══ DATA FOR THIS TASK ══

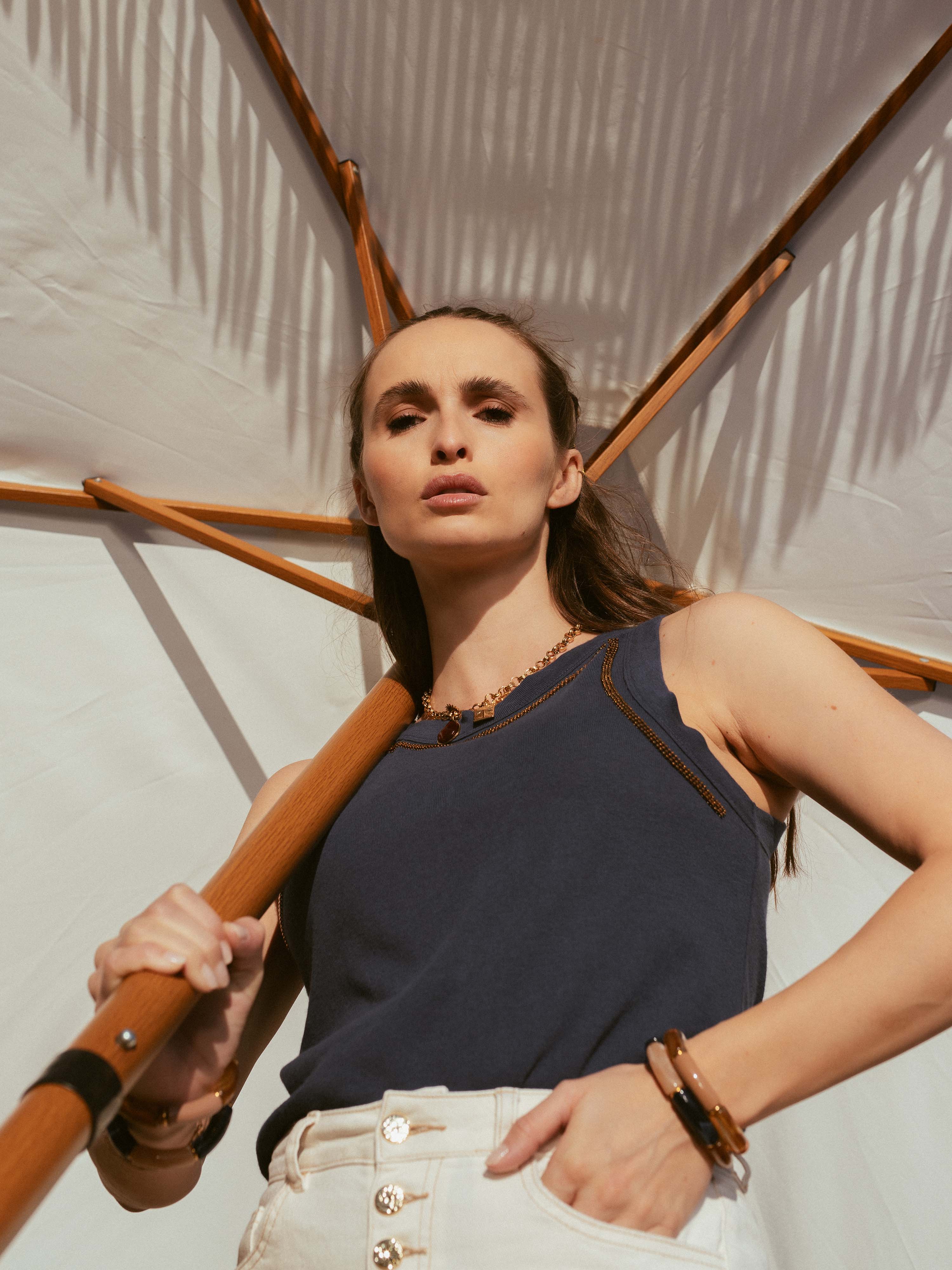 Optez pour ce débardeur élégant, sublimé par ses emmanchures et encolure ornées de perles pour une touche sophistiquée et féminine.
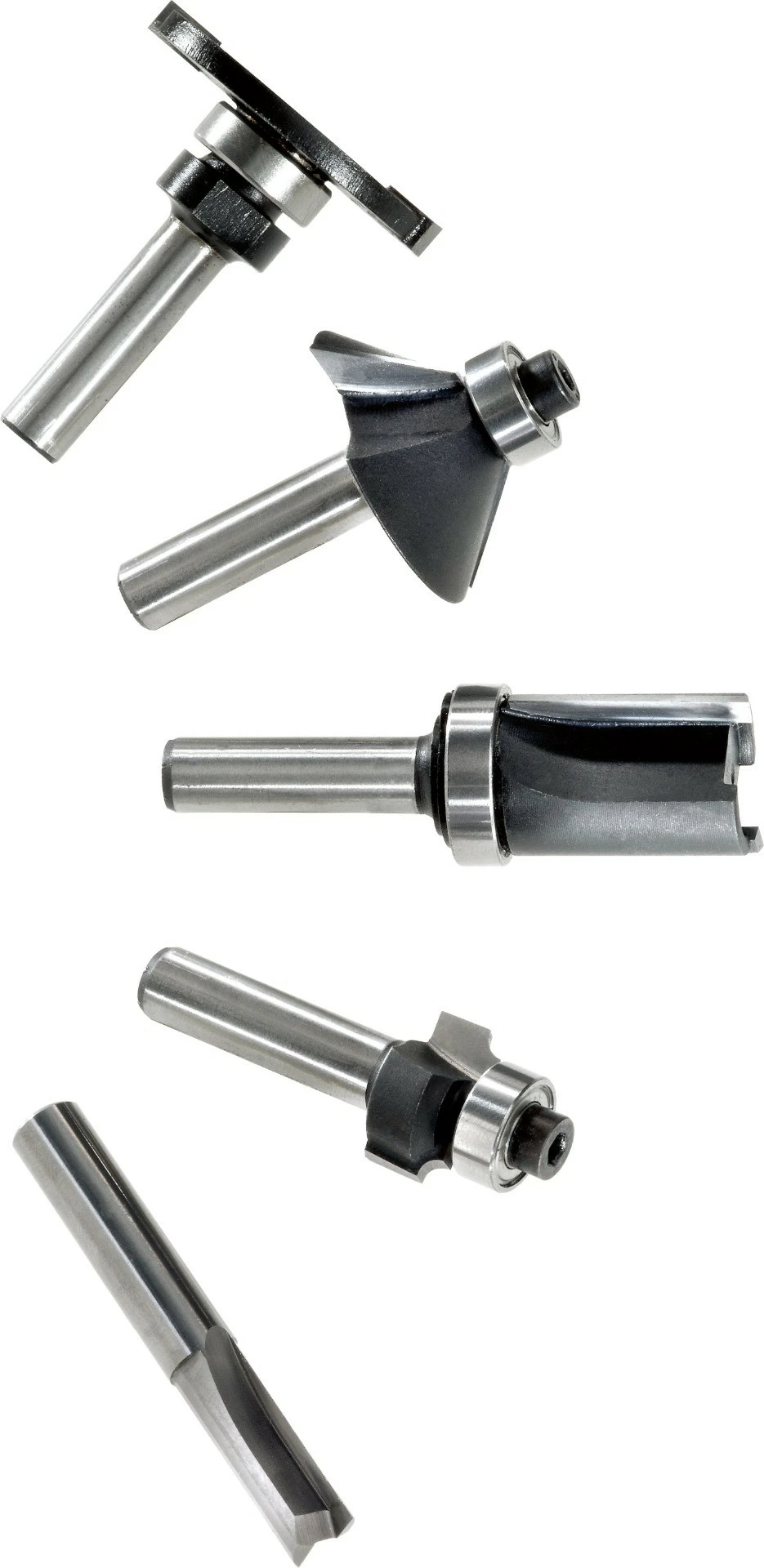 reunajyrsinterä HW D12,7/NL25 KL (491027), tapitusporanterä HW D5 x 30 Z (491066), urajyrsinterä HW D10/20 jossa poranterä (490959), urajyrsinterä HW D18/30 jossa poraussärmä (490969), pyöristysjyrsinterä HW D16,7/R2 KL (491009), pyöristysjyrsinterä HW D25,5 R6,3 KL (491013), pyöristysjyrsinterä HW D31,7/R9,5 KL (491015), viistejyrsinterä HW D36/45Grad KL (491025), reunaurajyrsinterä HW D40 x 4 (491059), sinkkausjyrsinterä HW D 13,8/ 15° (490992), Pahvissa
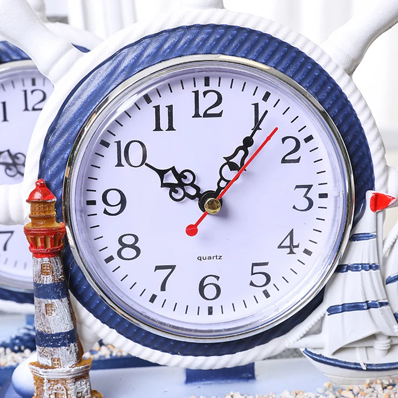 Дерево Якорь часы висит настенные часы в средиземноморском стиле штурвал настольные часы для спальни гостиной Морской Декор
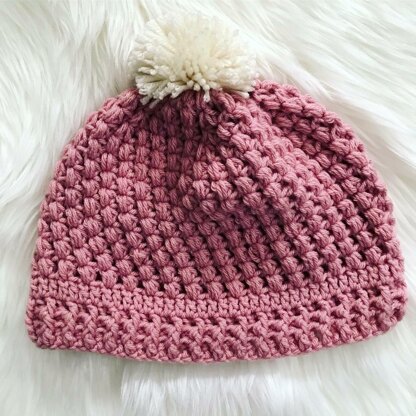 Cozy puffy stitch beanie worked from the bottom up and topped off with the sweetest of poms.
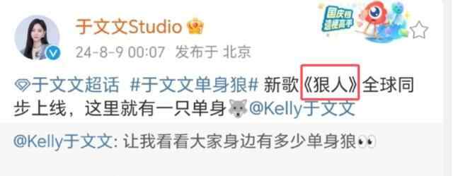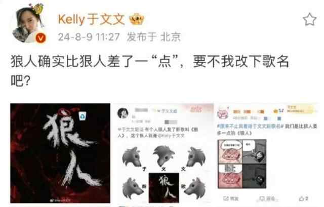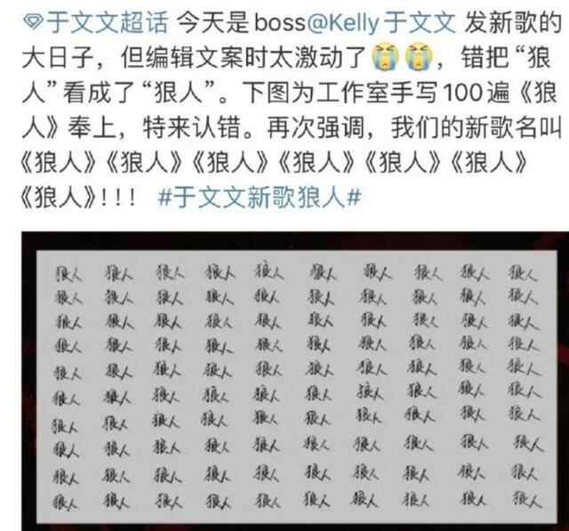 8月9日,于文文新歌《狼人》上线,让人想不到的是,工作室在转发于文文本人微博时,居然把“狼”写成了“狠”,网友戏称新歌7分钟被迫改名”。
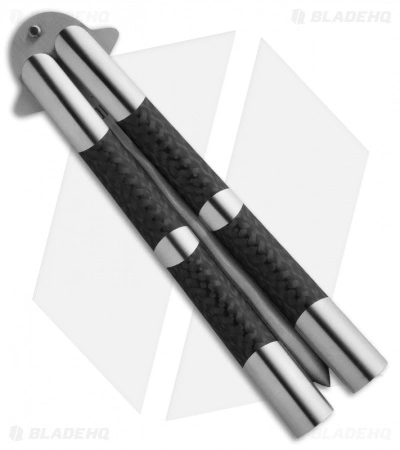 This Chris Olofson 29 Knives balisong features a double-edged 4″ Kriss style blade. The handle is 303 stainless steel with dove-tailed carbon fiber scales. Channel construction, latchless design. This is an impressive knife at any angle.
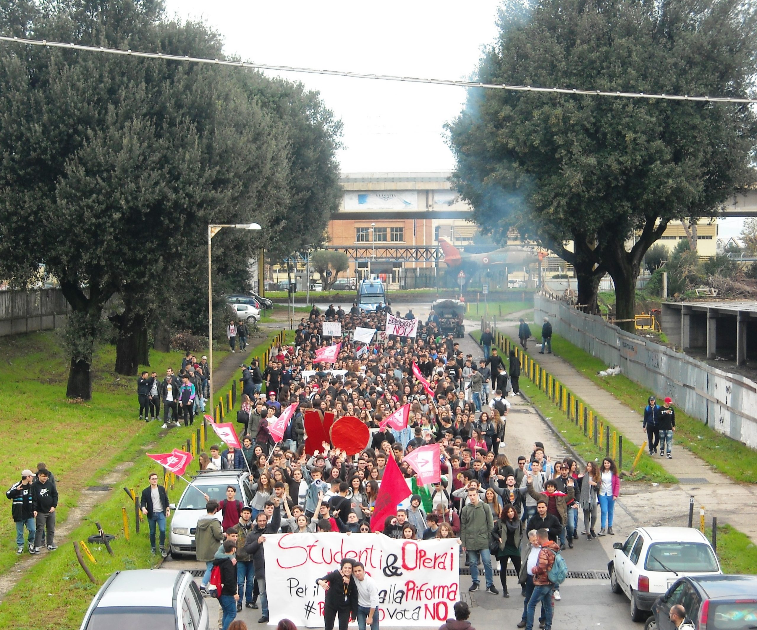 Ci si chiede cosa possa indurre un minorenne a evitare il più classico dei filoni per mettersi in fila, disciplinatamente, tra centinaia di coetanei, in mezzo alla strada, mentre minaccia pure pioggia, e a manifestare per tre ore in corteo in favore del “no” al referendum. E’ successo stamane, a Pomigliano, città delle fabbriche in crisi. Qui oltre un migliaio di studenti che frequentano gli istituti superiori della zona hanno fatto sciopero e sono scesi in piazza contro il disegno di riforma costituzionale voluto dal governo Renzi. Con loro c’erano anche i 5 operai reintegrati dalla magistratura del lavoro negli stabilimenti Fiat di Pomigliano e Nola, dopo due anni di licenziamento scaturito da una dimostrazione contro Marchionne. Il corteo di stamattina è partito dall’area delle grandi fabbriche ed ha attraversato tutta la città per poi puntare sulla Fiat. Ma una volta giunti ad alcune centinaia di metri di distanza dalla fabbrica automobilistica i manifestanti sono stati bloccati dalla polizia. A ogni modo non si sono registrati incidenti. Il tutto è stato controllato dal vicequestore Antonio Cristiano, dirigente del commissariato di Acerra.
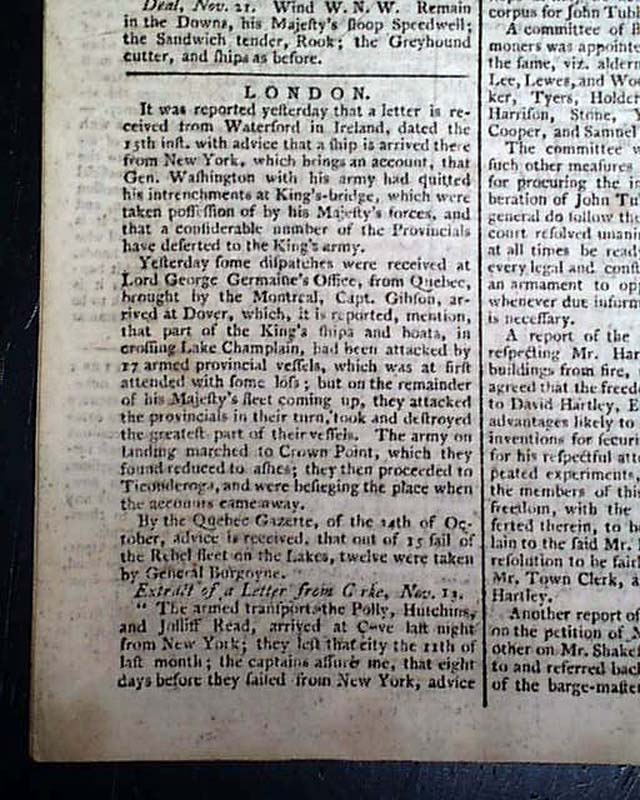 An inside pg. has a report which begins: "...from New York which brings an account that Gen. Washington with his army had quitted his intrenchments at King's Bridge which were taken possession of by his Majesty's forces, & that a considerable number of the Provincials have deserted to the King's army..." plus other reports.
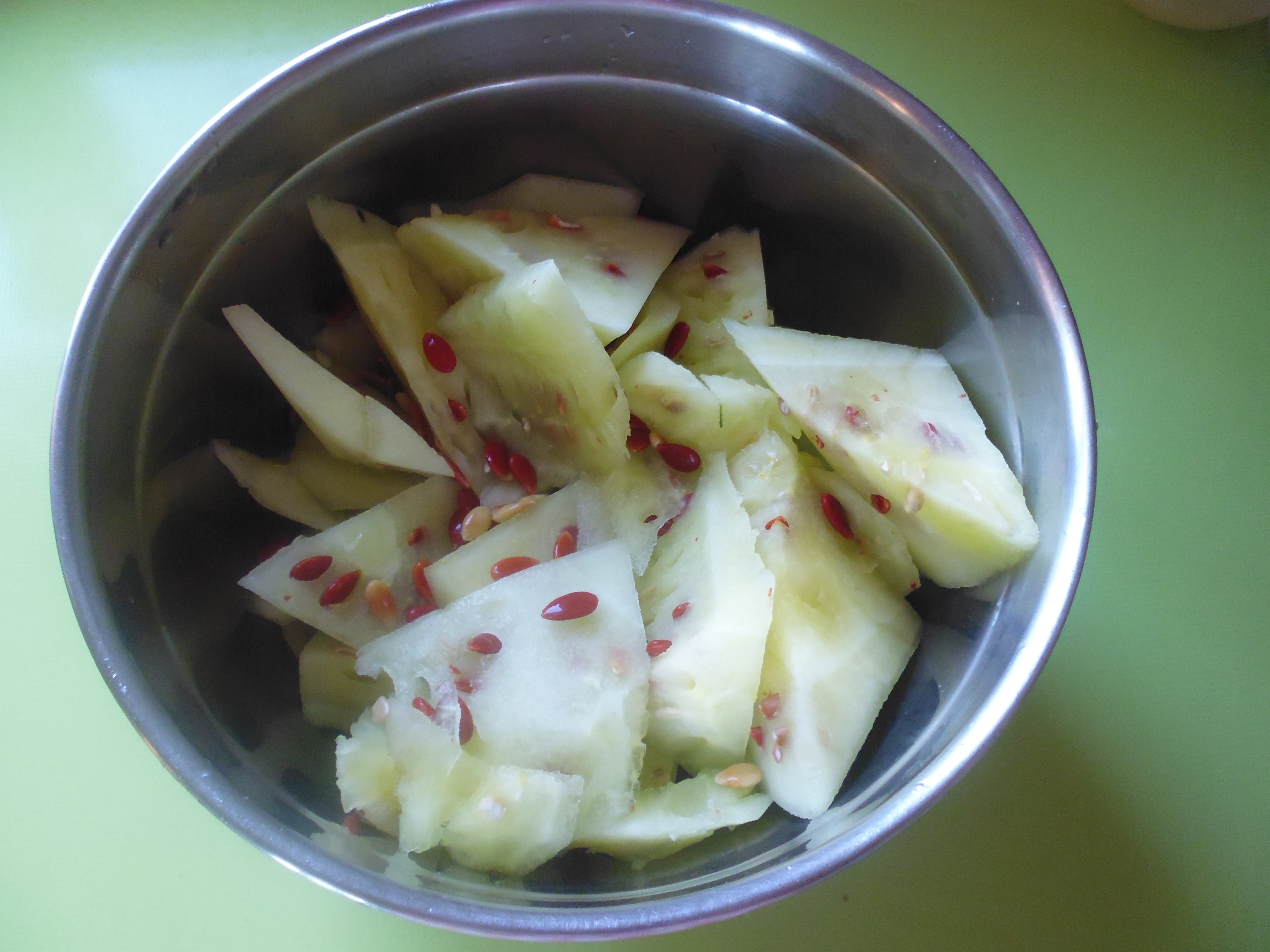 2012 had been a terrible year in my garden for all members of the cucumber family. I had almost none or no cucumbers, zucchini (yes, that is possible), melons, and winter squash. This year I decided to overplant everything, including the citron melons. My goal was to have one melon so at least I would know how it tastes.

═══

• TASK DESCRIPTION:
Pictures in the material above should be skipped; print exactly the lines from the one with "Cozy puffy stitch" through the one with "This Chris Olofson".

• TASK RESULT:
 Cozy puffy stitch beanie worked from the bottom up and topped off with the sweetest of poms.
 8月9日,于文文新歌《狼人》上线,让人想不到的是,工作室在转发于文文本人微博时,居然把“狼”写成了“狠”,网友戏称新歌7分钟被迫改名”。
 This Chris Olofson 29 Knives balisong features a double-edged 4″ Kriss style blade. The handle is 303 stainless steel with dove-tailed carbon fiber scales. Channel construction, latchless design. This is an impressive knife at any angle.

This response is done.